Among the more colorful theories, albeit one very tongue in cheek, had been that of Andrew MacLachlan, who told the BBC that, “They are time travellers, something terrible must happen to your village when we finally exit the EU, they just want to see Kidlington before the event.”

Other theories suggest that Kidlington is merely among the best representations of a stereotypical, quaint English community, and that the travelers are stopping in to scope things out in a rural area very different from the lifestyles they know in another part of the world.

There is another theory worthy of discussion here, which involves the notion that certain residences in the neighborhood might be recognized from a brochure, or even some kind of film or documentary, which has attracted them to the location.

Similar things have occurred as a result of rabid-fandom in the United States as well, which is nearly comparable to Kidlington’s bizarre situation. Following the popularity of the television show Breaking Bad, starring Bryan Cranston as Walter White, a high school chemistry teacher-turned obdurate methamphetamine dealer, fans were known to have made pilgrimages to the house featured as White’s home on the program.

In addition to having to ward off unwanted visitors, the home’s real-life owners further complained that a popular scene from the show, depicting an enraged Walter White throwing a pizza onto the roof, was being reenacted by some of the visitors. The vandalism incidents prompted series creator Vince Gilligan to issue a statement, asking fans to refrain from tossing pizzas onto the roof of the home.

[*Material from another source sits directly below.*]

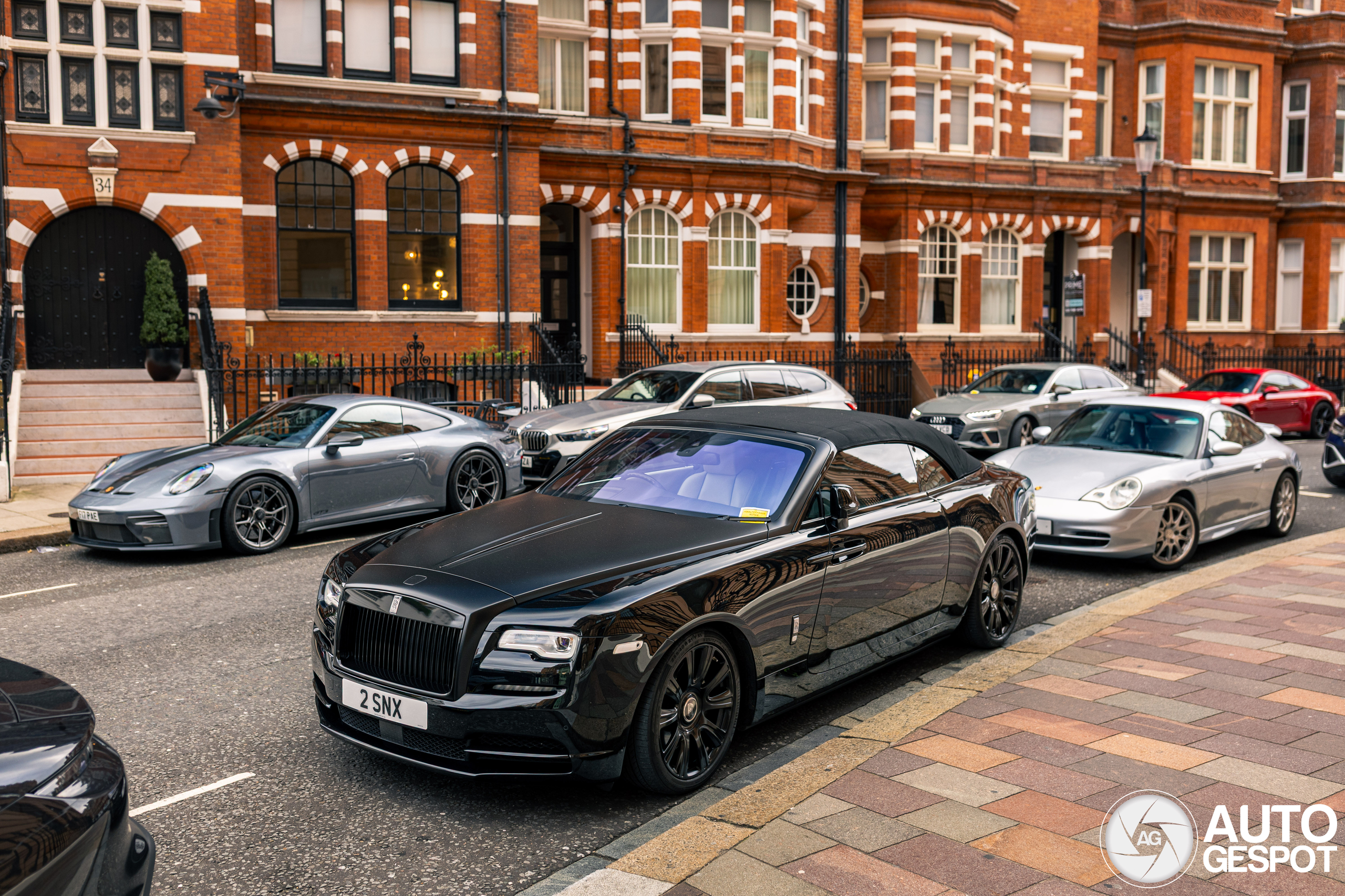 Cool Rolls-Royce surrounded by nice Porsches

Whatever circumstances may contribute to the ongoing floods of visitors to Kidlington, it remains a mystery to locals. In at least one instance, it was reported that upon attempting to ask them why they chose the location as a destination, the visitors appeared to have difficulty understanding English.

The recent of visitations, rather interestingly, contrast with 2015 statistics reported by CityMetric, which suggested that Moscow, Paris, Rome and New York all recorded greater visitation by Chinese tourists than England’s major population centers, with more than six times as many Chinese visitors heading to the Big Apple rather than London.

Perhaps the ultimate cause for Kidlington’s strange surge in traffic will have to go unexplained for the time being… or maybe we’ll stick with the “time travel” theory for now, if only for laughs.